**TASK ITEM**.
Set down, character for character, everything in the records below from the line holding "This light pullover" down to the line holding "TLS, on a 5.5", and no other line.

**TASK INPUTS**.
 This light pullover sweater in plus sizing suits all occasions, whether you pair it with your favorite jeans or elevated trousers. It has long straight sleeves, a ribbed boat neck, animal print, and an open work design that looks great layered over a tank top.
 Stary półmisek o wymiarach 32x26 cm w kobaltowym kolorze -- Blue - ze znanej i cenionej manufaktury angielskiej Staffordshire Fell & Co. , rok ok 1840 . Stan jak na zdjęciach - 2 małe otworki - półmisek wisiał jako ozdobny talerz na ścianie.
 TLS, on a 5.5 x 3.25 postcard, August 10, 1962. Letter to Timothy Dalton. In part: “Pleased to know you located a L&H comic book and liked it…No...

==

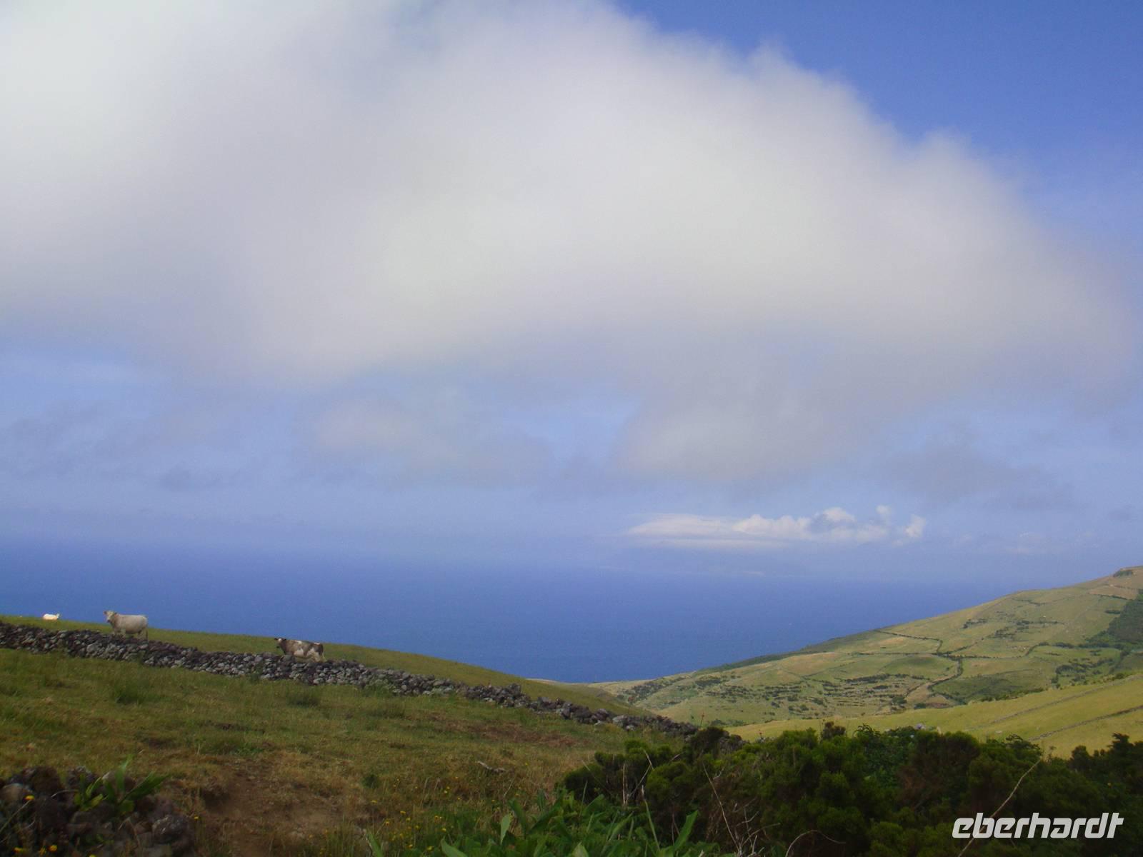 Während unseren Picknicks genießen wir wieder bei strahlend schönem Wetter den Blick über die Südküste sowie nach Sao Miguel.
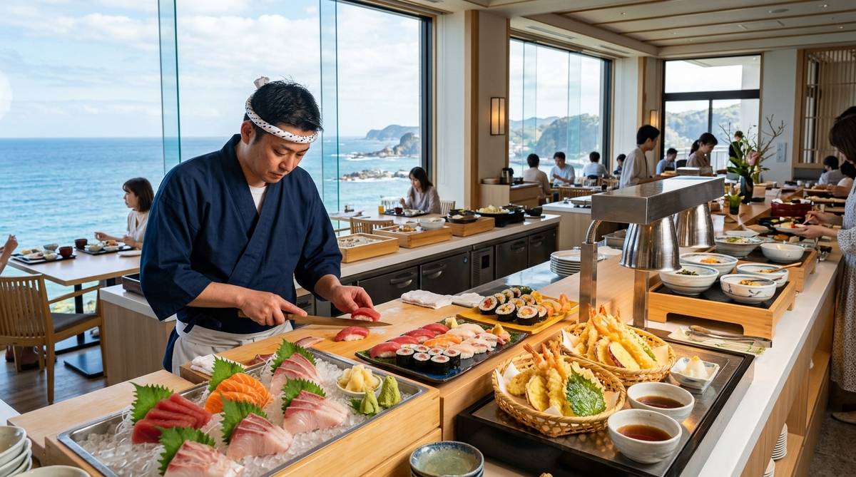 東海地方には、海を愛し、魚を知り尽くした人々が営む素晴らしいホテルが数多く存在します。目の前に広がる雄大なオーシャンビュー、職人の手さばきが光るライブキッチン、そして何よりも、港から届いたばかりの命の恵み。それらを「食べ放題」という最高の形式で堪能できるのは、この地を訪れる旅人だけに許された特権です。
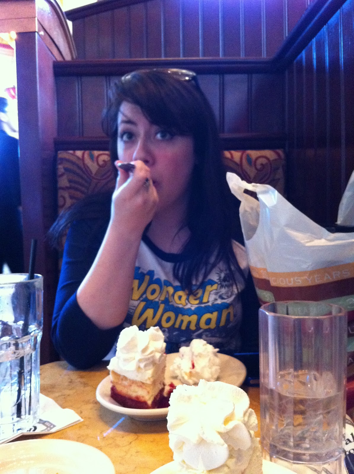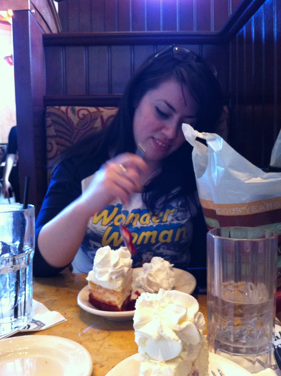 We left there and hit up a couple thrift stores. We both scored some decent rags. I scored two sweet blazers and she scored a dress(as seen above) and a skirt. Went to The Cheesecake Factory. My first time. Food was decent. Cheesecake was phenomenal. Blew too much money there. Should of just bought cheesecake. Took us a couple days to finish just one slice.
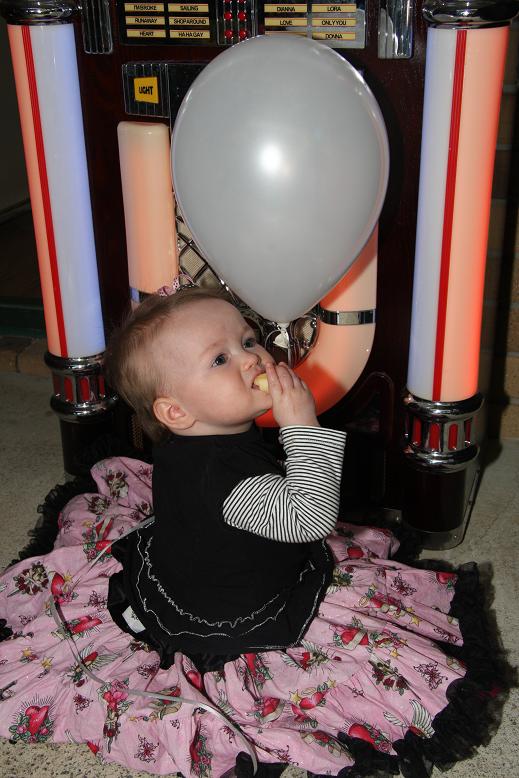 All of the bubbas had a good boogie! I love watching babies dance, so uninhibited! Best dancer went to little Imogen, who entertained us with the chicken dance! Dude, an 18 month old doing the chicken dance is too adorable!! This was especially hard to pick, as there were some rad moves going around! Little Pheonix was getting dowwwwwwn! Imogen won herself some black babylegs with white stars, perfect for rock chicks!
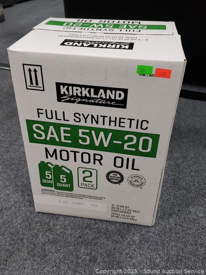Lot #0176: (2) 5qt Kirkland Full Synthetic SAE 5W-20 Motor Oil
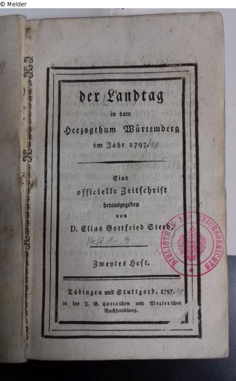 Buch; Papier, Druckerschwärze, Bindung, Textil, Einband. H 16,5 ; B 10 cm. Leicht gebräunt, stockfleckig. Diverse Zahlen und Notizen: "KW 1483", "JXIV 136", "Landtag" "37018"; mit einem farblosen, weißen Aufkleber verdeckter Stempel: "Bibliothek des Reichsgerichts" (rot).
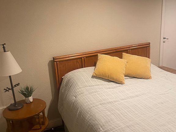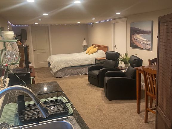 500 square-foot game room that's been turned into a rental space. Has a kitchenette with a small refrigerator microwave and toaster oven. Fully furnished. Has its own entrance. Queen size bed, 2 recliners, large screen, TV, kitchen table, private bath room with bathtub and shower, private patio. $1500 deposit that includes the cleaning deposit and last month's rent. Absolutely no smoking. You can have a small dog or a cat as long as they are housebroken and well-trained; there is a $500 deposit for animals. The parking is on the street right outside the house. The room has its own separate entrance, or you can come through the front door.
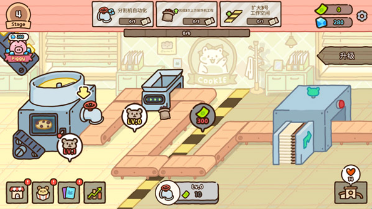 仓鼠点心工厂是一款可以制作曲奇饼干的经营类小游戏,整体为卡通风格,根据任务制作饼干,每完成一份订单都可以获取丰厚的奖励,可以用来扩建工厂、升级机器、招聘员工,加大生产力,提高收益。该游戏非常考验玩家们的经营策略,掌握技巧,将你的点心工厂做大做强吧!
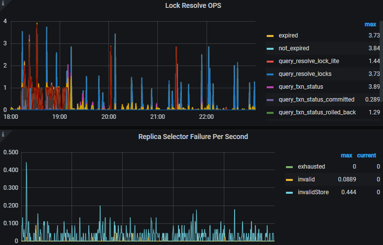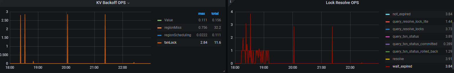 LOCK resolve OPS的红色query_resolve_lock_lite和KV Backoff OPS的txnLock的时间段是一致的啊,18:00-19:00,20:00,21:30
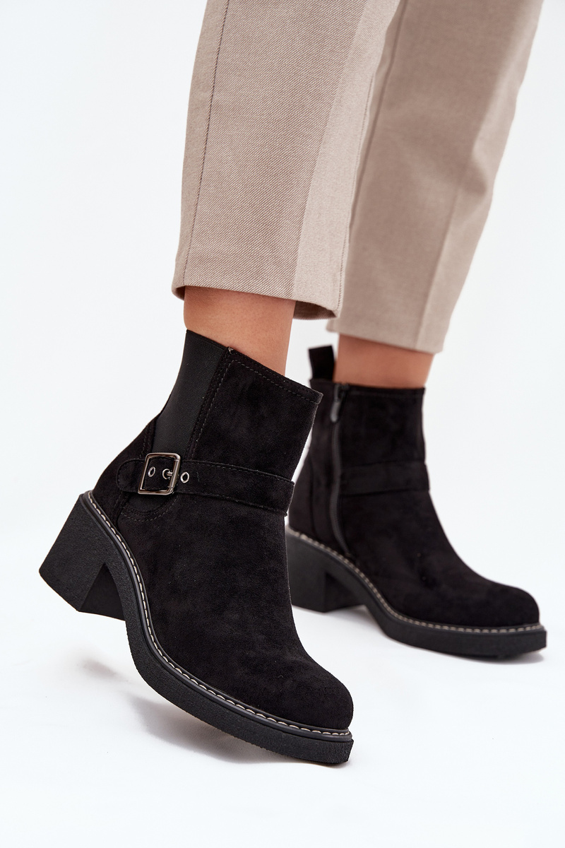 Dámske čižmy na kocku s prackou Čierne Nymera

**REPLY TO THE EXERCISE**.
 This light pullover sweater in plus sizing suits all occasions, whether you pair it with your favorite jeans or elevated trousers. It has long straight sleeves, a ribbed boat neck, animal print, and an open work design that looks great layered over a tank top.
 Stary półmisek o wymiarach 32x26 cm w kobaltowym kolorze -- Blue - ze znanej i cenionej manufaktury angielskiej Staffordshire Fell & Co. , rok ok 1840 . Stan jak na zdjęciach - 2 małe otworki - półmisek wisiał jako ozdobny talerz na ścianie.
 TLS, on a 5.5 x 3.25 postcard, August 10, 1962. Letter to Timothy Dalton. In part: “Pleased to know you located a L&H comic book and liked it…No...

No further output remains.